▶ _DATA_
· · · ·

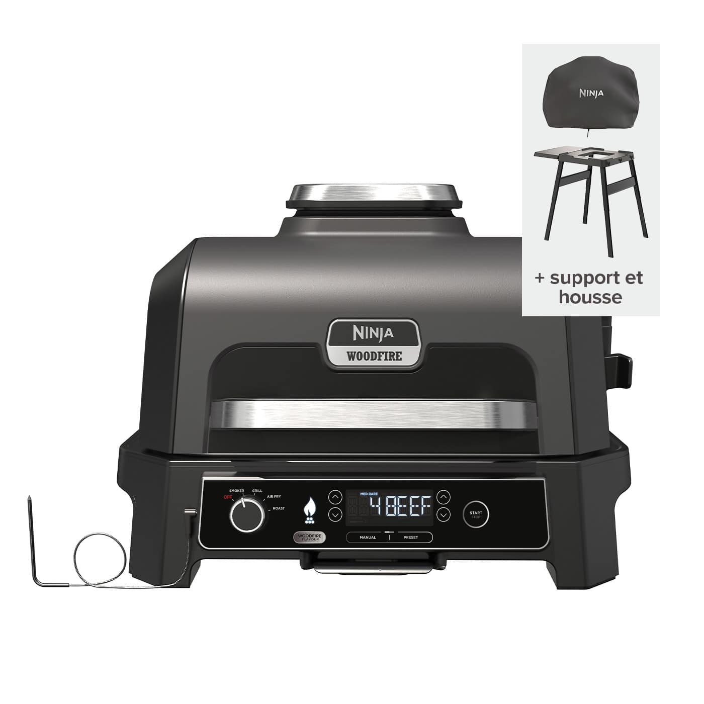 Barbecue électrique et fumoir Ninja Woodfire Pro XL avec thermosonde Smart Cook, support et housse
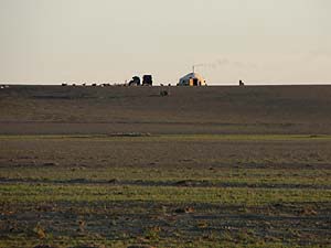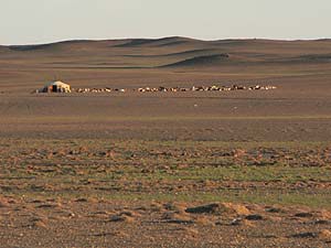 左画像では朝餉の煙が立ちのぼっていてほのぼの。右写真では、家畜たちがゲルの横にずらぁと休んでいるのが見えてます。
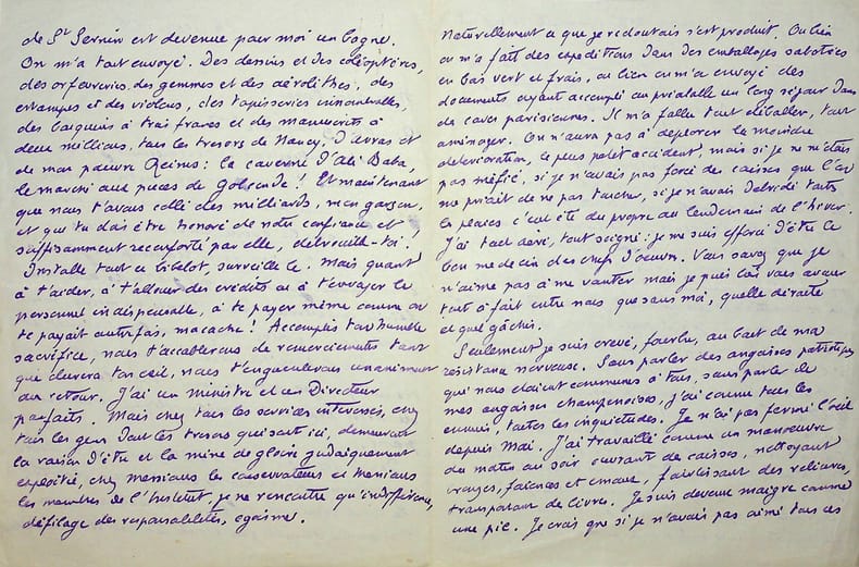 Pol Neveux (1865-1939), écrivain, bibliothécaire, membre de l'Académie Goncourt. L.A.S., 15 avril 1917, 4p in-4. A l'écrivain naturaliste Henry Céard (1851-1924), membre de l'Académie Goncourt à qui succédera Neveux. Très longue lettre donnant des nouvelles, faisant part de sa mélancolie, parlant de son travail, s'étalant longuement sur Reims, mentionnant leur ami Gabriel Thyébaut (1854-1922), . « L'impeccable et féroce anéantissement de Reims m'a achevé ». « Si je me suis fait collectionneur, c'est surtout pour entretenir avec un morceau de bois sculpté, avec un bout d'ivoire, la même tendre camaraderie que jadis avec mon cheval mécanique par exemple : tout âge a ses comparses ». Très belle lettre. [395]
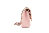 CHANEL PINK 2003-2004 CLASSIC DOUBLE FLAP MEDIUM TWEED SHOULDER BAG
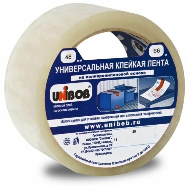 Клейкая лента упаковочная Unibob, 48мм*66м, 47мкм
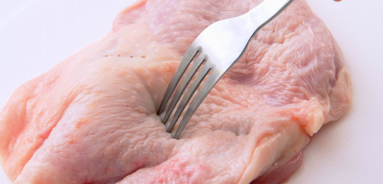 筋切り、皮に穴をあける(鶏モモ肉)
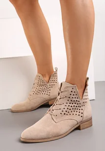 Beżowe Sznurowane Botki ze Skórzaną Wkładką Ażurową Cholewką za Kostkę i Wycięciem Tlixa
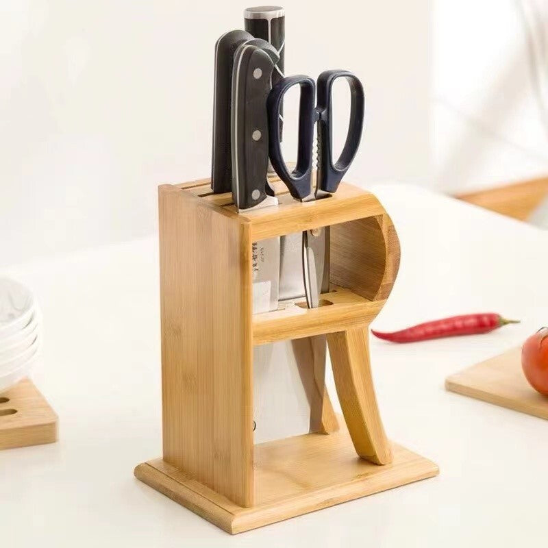 THRJ R-Shape Bamboo Knife Holder Rack Only Kitchen Storage 5193

· · · ·

▶ _EXERCISE BRIEF_
From the line containing "Клейкая лента упаковочная" to the last line of the entries, output every line exactly as written, but leave out the pictures.

▶ _PROBLEM SOLUTION_
 Клейкая лента упаковочная Unibob, 48мм*66м, 47мкм
 筋切り、皮に穴をあける(鶏モモ肉)
 Beżowe Sznurowane Botki ze Skórzaną Wkładką Ażurową Cholewką za Kostkę i Wycięciem Tlixa
 THRJ R-Shape Bamboo Knife Holder Rack Only Kitchen Storage 5193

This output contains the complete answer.